"Prince's 50 years of work collected here is marked by a sensuous, even painful observation of nature. Prince masters the neo-Romantic English poetic style to reveal emotional depths beneath the polished surfaces of these elegant poems. The ordeal of his narrators' creativity mirrors a search for stable identity in a world in which nature is 'supple and subtle, full of stirrings.' His signature poem, Soldiers Bathing, mingling Rupert Brooke-like bitterness at war's 'death and animality' with appreciation of innocence and redemption, is a memorable poem about the 'terror' of love, a rich interpretation of 'a drunkenness/ Of high desire and thought' and nature 'luminous as a grapeskin.' A poetic technique meticulous as hand-tooled leather seeks to free 'mind/Impelled by torment' of 'the coming of a dream.' A significant body of modern poetry."—Library Journal
"Undervalued at home and abroad, F.T. Prince ranks with Auden and Spender as one of the major English poets of his generation."—John Ashbery,
Description
Collected Poems: 1935-1992 contains the life work of the great English outsider poet F. T. Prince.

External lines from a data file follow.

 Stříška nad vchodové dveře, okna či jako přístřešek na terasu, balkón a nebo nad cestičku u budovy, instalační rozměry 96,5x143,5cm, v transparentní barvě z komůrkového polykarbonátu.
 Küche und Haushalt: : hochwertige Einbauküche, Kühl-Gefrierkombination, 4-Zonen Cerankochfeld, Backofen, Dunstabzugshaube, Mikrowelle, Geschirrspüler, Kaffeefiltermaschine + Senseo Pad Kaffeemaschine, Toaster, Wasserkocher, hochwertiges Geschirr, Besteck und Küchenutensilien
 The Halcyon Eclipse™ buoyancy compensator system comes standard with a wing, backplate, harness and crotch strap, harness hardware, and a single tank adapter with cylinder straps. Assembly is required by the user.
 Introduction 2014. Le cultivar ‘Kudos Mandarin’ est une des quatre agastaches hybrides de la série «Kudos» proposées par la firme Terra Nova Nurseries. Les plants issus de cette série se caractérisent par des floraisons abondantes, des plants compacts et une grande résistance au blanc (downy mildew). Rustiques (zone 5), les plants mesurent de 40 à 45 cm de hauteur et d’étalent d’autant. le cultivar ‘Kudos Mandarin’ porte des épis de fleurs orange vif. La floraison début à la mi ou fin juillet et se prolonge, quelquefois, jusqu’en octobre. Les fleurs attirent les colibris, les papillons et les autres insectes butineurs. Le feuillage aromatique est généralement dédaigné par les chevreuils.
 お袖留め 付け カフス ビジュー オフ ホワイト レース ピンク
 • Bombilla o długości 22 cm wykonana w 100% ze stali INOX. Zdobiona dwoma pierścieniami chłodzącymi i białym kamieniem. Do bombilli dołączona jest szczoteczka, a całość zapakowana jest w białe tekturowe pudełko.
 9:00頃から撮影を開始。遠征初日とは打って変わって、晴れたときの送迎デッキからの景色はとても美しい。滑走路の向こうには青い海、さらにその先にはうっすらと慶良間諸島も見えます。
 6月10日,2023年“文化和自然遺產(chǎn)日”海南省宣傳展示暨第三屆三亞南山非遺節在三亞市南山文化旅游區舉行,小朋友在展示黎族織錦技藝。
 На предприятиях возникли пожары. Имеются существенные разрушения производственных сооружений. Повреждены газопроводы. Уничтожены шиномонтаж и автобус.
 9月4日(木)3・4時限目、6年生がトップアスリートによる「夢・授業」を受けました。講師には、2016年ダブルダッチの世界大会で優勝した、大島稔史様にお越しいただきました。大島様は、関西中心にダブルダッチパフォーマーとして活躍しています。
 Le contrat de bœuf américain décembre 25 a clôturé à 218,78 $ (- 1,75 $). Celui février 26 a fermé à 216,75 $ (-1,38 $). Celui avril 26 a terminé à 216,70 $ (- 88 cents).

Often working in forms that are deceptively traditional, Prince has a special genius for the lost and often unseen details of experience. His presence has been felt by a succession of English and American poets who, despite their working in more open forms, often arrive at a terrain already occupied by him. Selected by Harold Bloom as part of his canon of world literature.
About the Author
Born in South Africa in 1912 and educated at Oxford and Princeton, F. T. PRINCE has taught at the University of Southampton, and for ten years in Jamaica, and at various universities in the United States.